To find the value of the series, we need to find the limit of \(S_n\) as n approaches infinity: $$\lim_{n\to\infty} S_n = \lim_{n\to\infty} \frac{\frac{2}{3}(1-\left(\frac{1}{3}\right)^n)}{1-\frac{1}{3}}$$ Since the common ratio \(r\) is between -1 and 1 (-1<\(\frac{1}{3}\)<1), the limit converges to: $$\lim_{n\to\infty} (1-\left(\frac{1}{3}\right)^n) = 1$$ Hence, the value of the series is: $$\sum_{k=1}^{\infty} \frac{2}{3^{k}} = \frac{\frac{2}{3}(1)}{1-\frac{1}{3}} = \boxed{1}$$

Key concepts

Partial Sums

When we discuss partial sums in the context of an infinite series, we are essentially considering a sequence of sums. Each sum, called a partial sum, is a finite sum of the first few terms of the series.
Let's break this down:

• First Term: The first partial sum, denoted as \( S_1 \), is simply equal to the first term of the series. For example, given an infinite series like \( \sum_{k=1}^{\infty} \frac{2}{3^{k}} \), the first term \( a_1 \) is \( \frac{2}{3} \), so our first partial sum \( S_1 = \frac{2}{3} \).
• Subsequent Terms: To find \( S_2 \), you add the first two terms together: \( S_2 = a_1 + a_2 = \frac{2}{3} + \frac{2}{9} = \frac{8}{9} \). This process repeats for more terms: \( S_3 = \frac{2}{3} + \frac{2}{9} + \frac{2}{27} = \frac{26}{27} \) and \( S_4 = \frac{2}{3} + \frac{2}{9} + \frac{2}{27} + \frac{2}{81} = \frac{80}{81} \).

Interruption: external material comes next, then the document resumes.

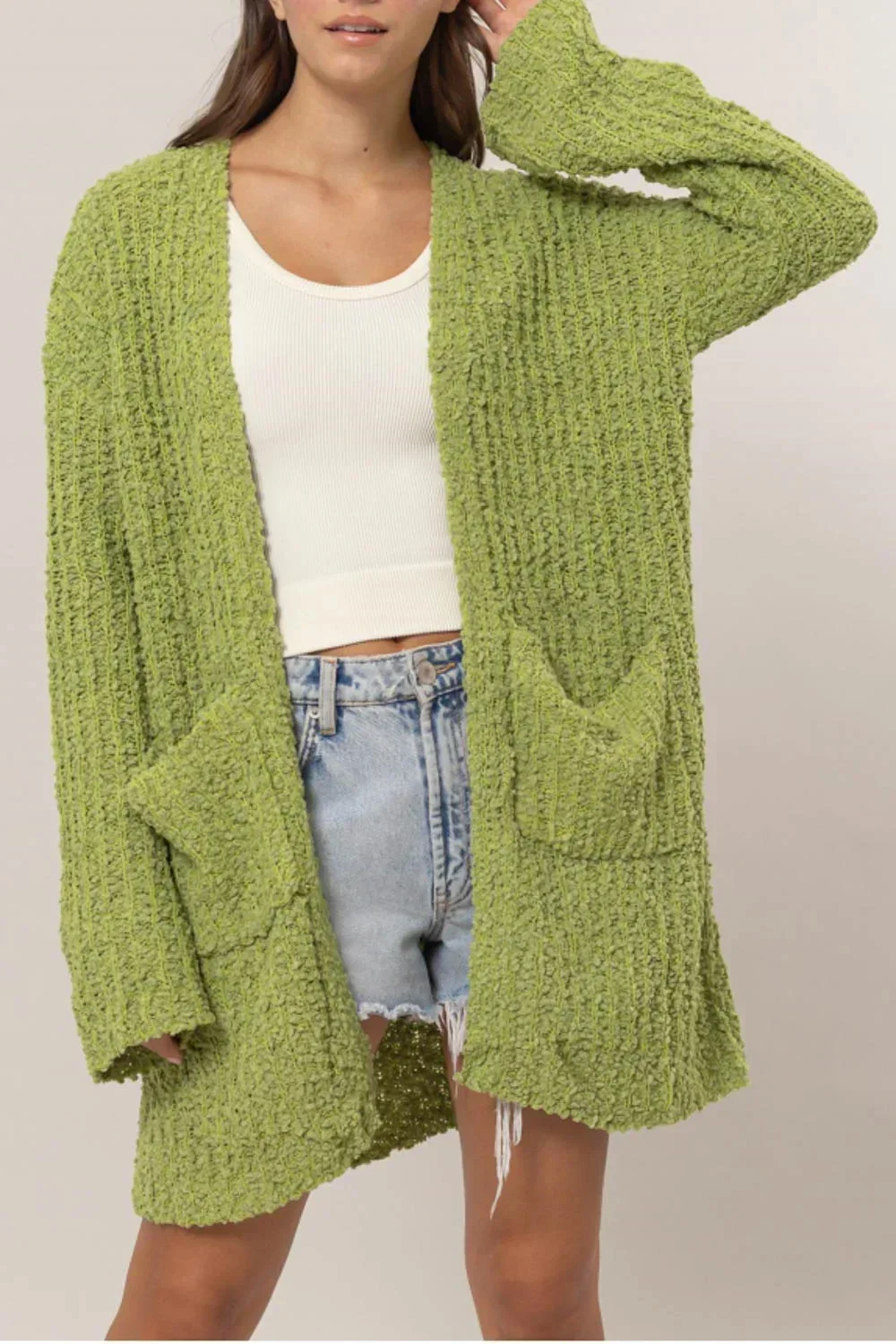 Popcorn Knit Open Front with Pockets Oversized Long Sleeve Sweater Cardigan

Each partial sum gives us a closer approximation to the total sum of the series. This concept of partial sums becomes pivotal in understanding whether a series converges or diverges.

Convergence of Series

In mathematics, particularly in series, convergence refers to whether a series approaches a specific value as you add infinitely many terms. We can test convergence by observing the sequence of partial sums.
Convergence happens when the sequence of partial sums gets closer and closer to a particular value, even as the number of terms (or \( n \)) goes to infinity. Consider the infinite geometric series \( \sum_{k=1}^{\infty} \frac{2}{3^{k}} \):

• Behavior of Terms: As \( n \) increases, each term \( a_n = \frac{2}{3^n} \) becomes smaller, meaning the new terms contribute less to the partial sums.
• Limit of Partial Sums: We find the limit of the partial sums \( \lim_{n\to\infty} S_n \). For our series, this limit equals 1, indicating convergence to this specific value.

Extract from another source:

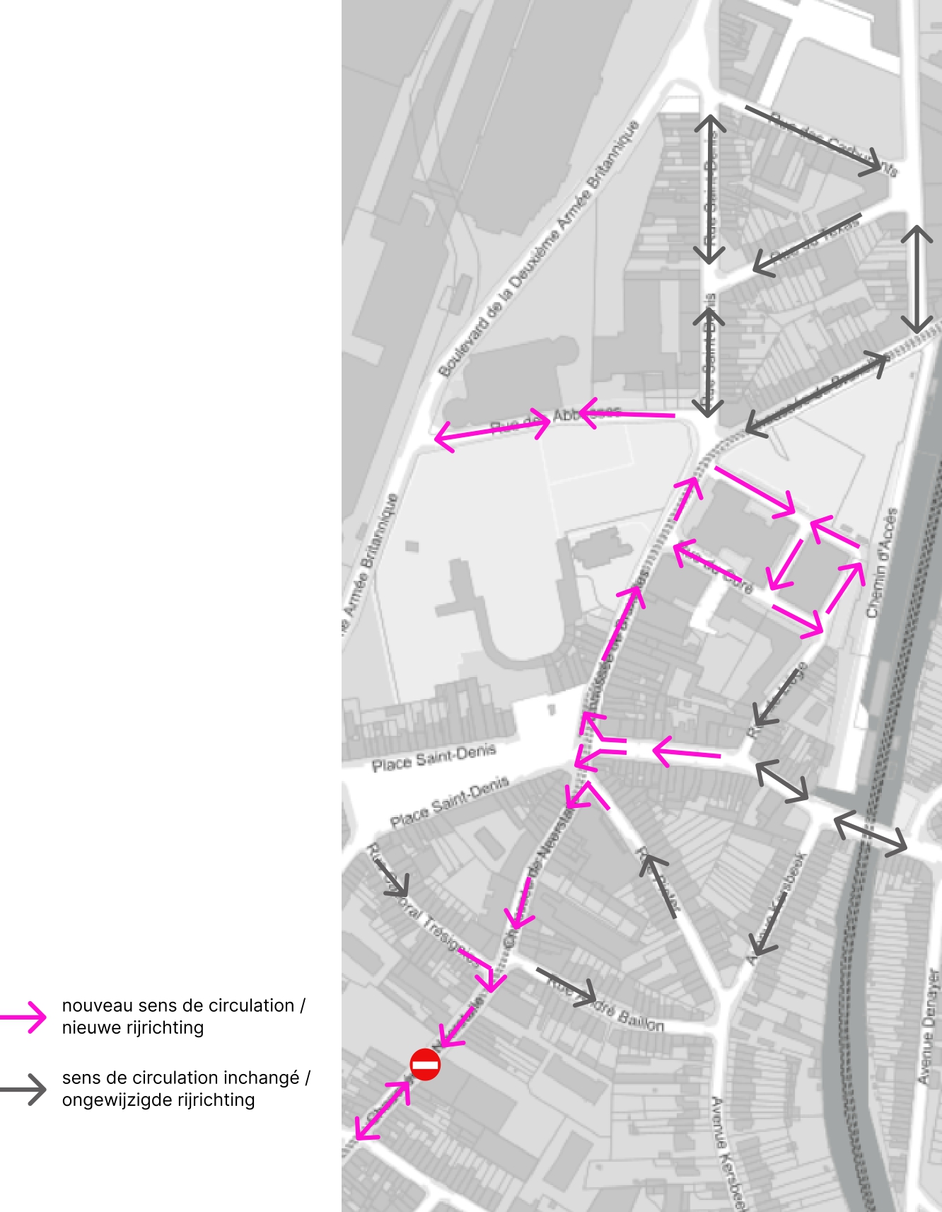 - un double sens en circulation locale entre l’avenue Général Dumonceau et le parking du Aldi, afin d’assurer l’accès pour les livraisons

The critical factor in determining convergence is the common ratio. If the absolute value of this ratio \( |r| \) is less than 1, the series will converge. In our example, the common ratio is \( \frac{1}{3} \), which satisfies this condition, thus the series converges to 1.

Geometric Series Formula

The geometric series formula is a powerful tool for analyzing and evaluating the sums of both finite and infinite geometric series. It provides a simple way to express the sum of a series based on its first term, common ratio, and number of terms.
For a geometric series with first term \( a_1 = \frac{2}{3} \) and common ratio \( r = \frac{1}{3} \), the sum of the first \( n \) terms, \( S_n \), is calculated using:

• The formula is given by \( S_n = \frac{a_1(1-r^n)}{1-r} \).
• The numerator represents the product of the first term and a term that decreases as \( n \) increases, given by \( 1-r^n \).
• The denominator, \( 1-r \), ensures we are dividing by the complement of the ratio, leading to simplified results.

When \( n \) becomes very large, as in an infinite series, the term \( r^n \) approaches zero if \( |r| < 1 \). This effectively gives the sum of an infinite geometric series:
\( S = \frac{a_1}{1-r} \)
In practical terms, for our series \( \sum_{k=1}^{\infty} \frac{2}{3^{k}} \), we substitute to find that it converges to the value 1, confirming what was previously derived by the limit of partial sums.